In the study, Ecofiscal – a group of prominent private-sector and university economists – urged Ottawa and the provinces to ensure that their climate-change policies yield low-cost emission reductions while minimizing government's role in picking technology winners.
It comes as governments at all levels pursue a host of measures – from building codes to low-carbon fuel standards to the phaseout of coal-fired power – to complement the carbon levies or cap-and-trade programs that have been adopted by Ottawa and most provinces.
The federal government recently established an advisory group that will recommend how it should encourage more sales of zero-emission vehicles, including the possible use of subsidies.
Prime Minister Justin Trudeau plans to impose a federal carbon price – starting at $10 a tonne next year and rising to $50 by 2022 – on provinces that refuse to adopt their own or don't meet Ottawa's minimum standard. However, like the provinces, it is counting on other regulations and incentives to limit the increase in carbon taxes that Canada would require to meet its commitment under the Paris accord to reduce greenhouse gas emissions by 30 per cent from 2005 levels by 2030.
In its report, Ecofiscal argues a rising carbon price should do the "heavy lifting" and "offers the most cost-effective way to reduce GHG emissions." However, experts such as Simon Fraser University's Mark Jaccard argue it would not be politically feasible to increase it to $200 a tonne by 2030, as would be needed to meet the Paris target through carbon pricing alone.
Still, Ecofiscal chairman Chris Ragan – an economist at McGill University – said future governments should raise the levy significantly after 2022, and could offset the impact of a higher carbon levy by lowering other taxes. "It would be a very bad outcome if the price peaked out at $50 in 2022 and everything else is done by complementary policies," he said in an interview.
The Ecofiscal report acknowledges that there are cases in which regulations and incentives are needed to overcome market barriers or deliver important benefits in addition to greenhouse gas emission reductions, or can achieve reductions more cheaply than an explicit carbon price.
It looks at three examples: Quebec's $8,000 electric-vehicle subsidy, a federal regulation to force the oil and gas industry to cut its methane emissions, and Alberta's plan to phase out coal-fired power by 2030.
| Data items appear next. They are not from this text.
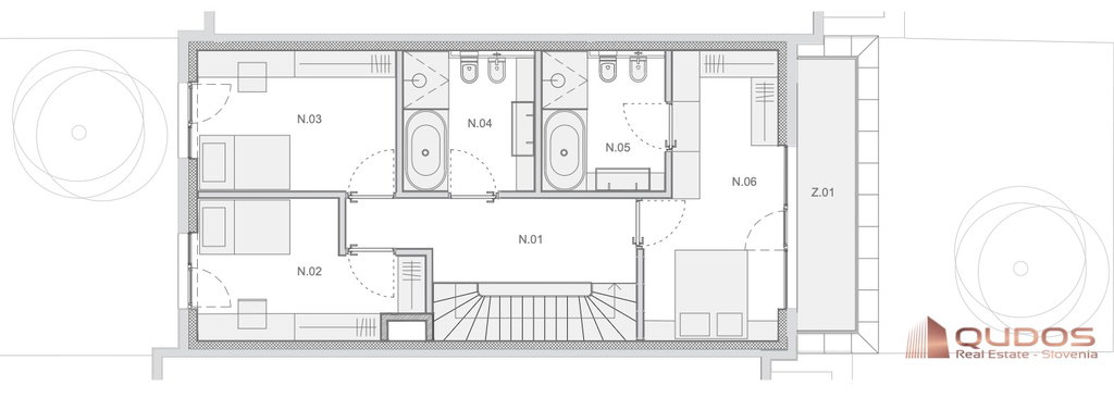 - NADSTROPJE: spalnica z garderobo ter lastno kopalnico, dve sobi, ter kopalnica.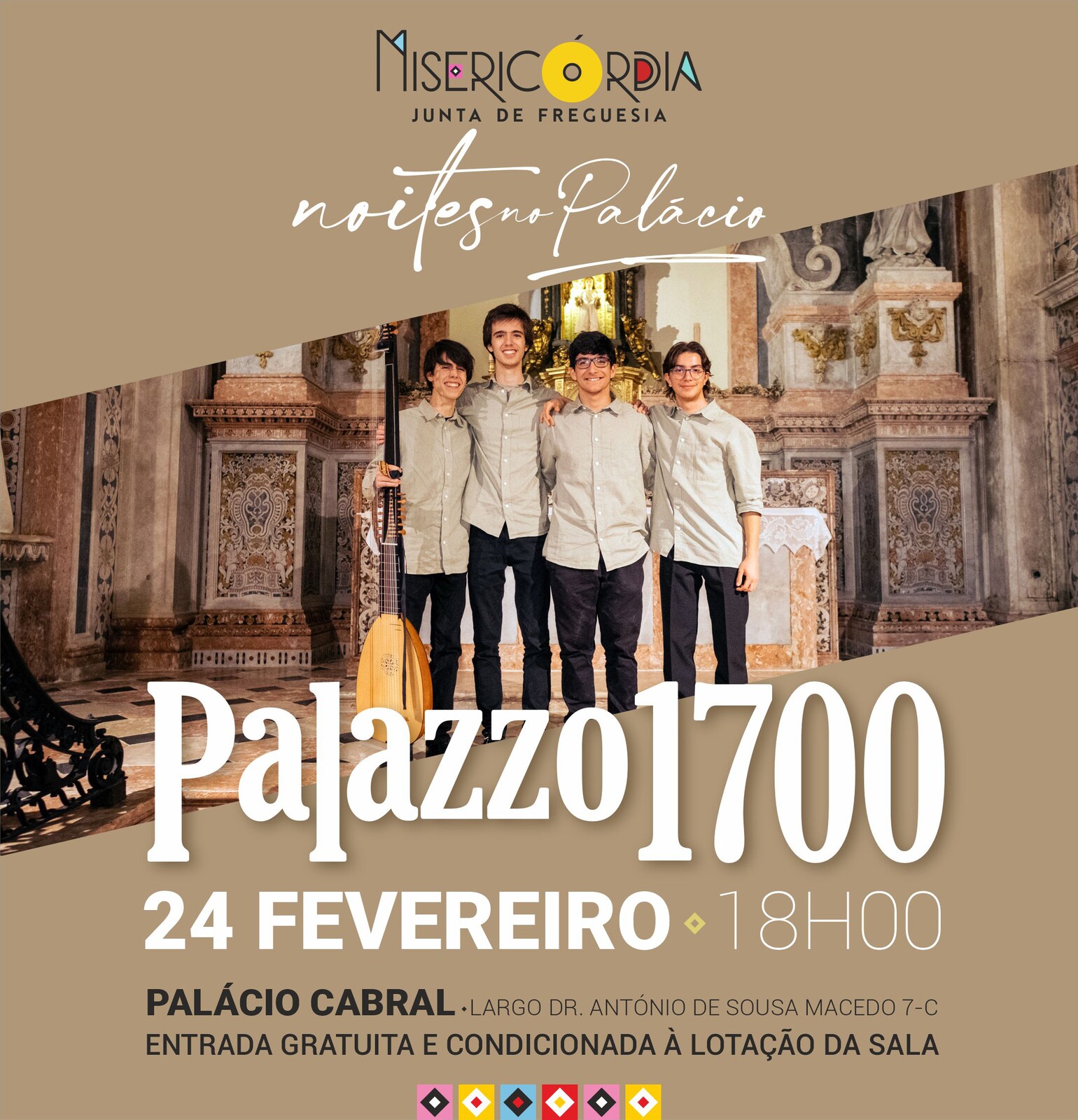 O ‘Palazzo 1700’ é constituído por dois violinos (Júlio Cortez Marques e Salvador Bastos), um contrabaixo (Eduardo Alcântara) e um arquialaúde/guitarra barroca (Vicente Morgado), juntos para um espetáculo a não perder no Palácio Cabral, no Largo António de Sousa Macedo 7-C.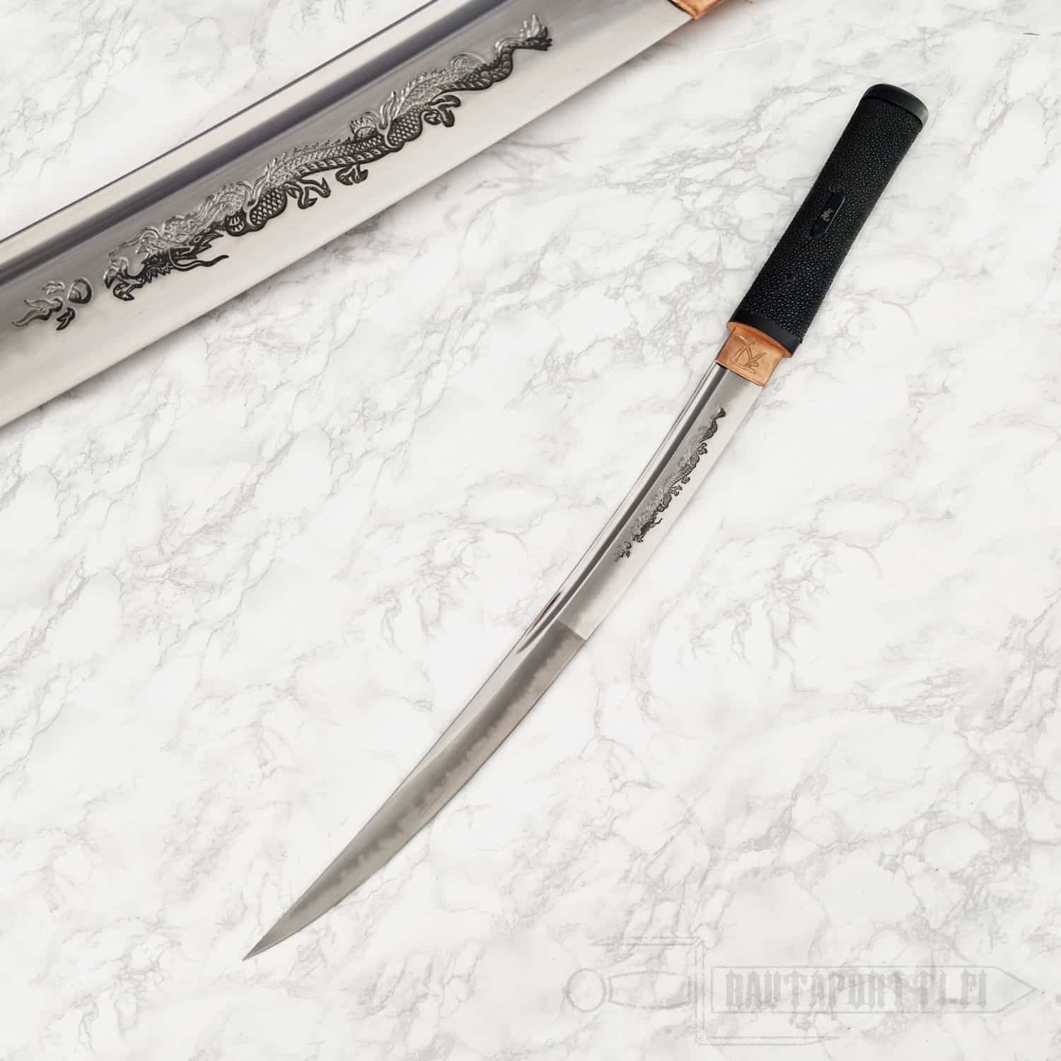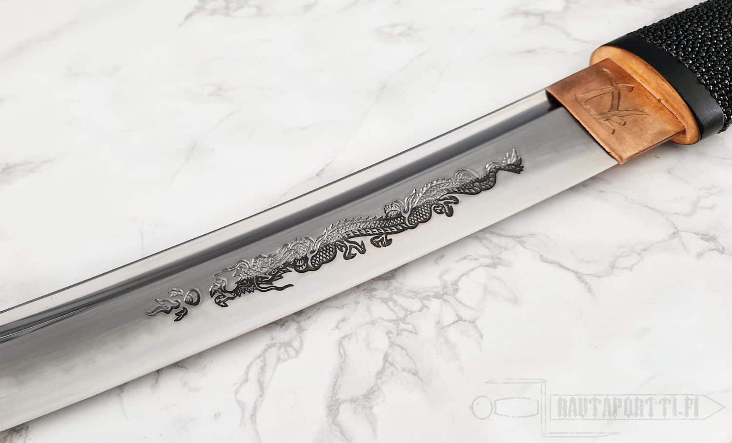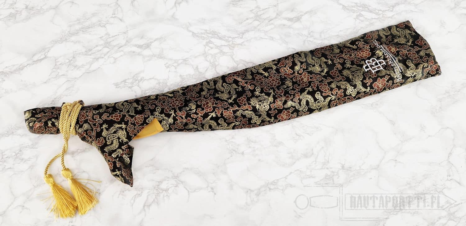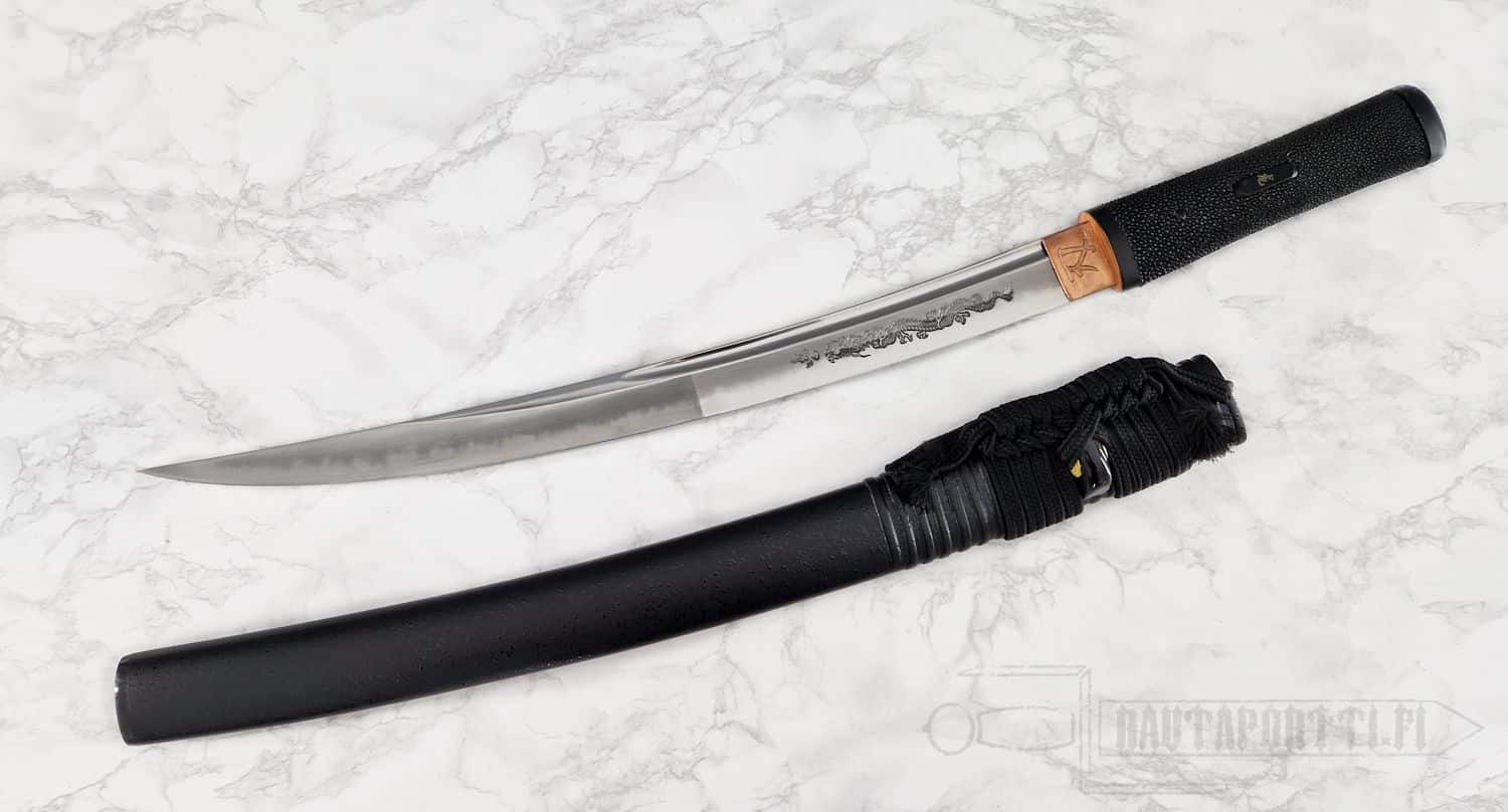 - Terään on käsin kaiverrettu yksityiskohtainen lohikäärmekaiverrus (horimono)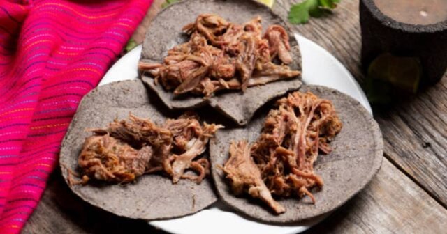 O Churrasco de borrego Uma das placas que representam bolos mexicanos, especialmente o estado de Hidalgoque é vendido de maneira tradicional em “buracos” ou forno.

Mr. Ragan said it is likely that any direct subsidy for electric-vehicle purchases would be an expensive way to reduce greenhouse gas emissions, although the report looked specifically at the Quebec program.
The province also has a carbon price through its cap-and-trade system, as well as regulations that require the auto industry to sell a certain number of zero-emission cars a year starting in 2018. Ecofiscal said it is not clear how much additional benefit is gleaned from the car buyers' subsidy, which it criticizes as high cost and lacking in fairness, since lower-income Quebeckers cannot afford the electric vehicles now on the market. "If you follow our framework, the onus is on [the government] to convince your voters and convince your taxpayers that the benefits are there and they're big," Mr. Ragan said. "Maybe they are, but in our analysis, they're not."
In contrast, the proposed federal regulation on methane emissions in the oil industry targets sources that are not covered by carbon pricing, and the Ecofiscal report calculates its cost at $13 a tonne.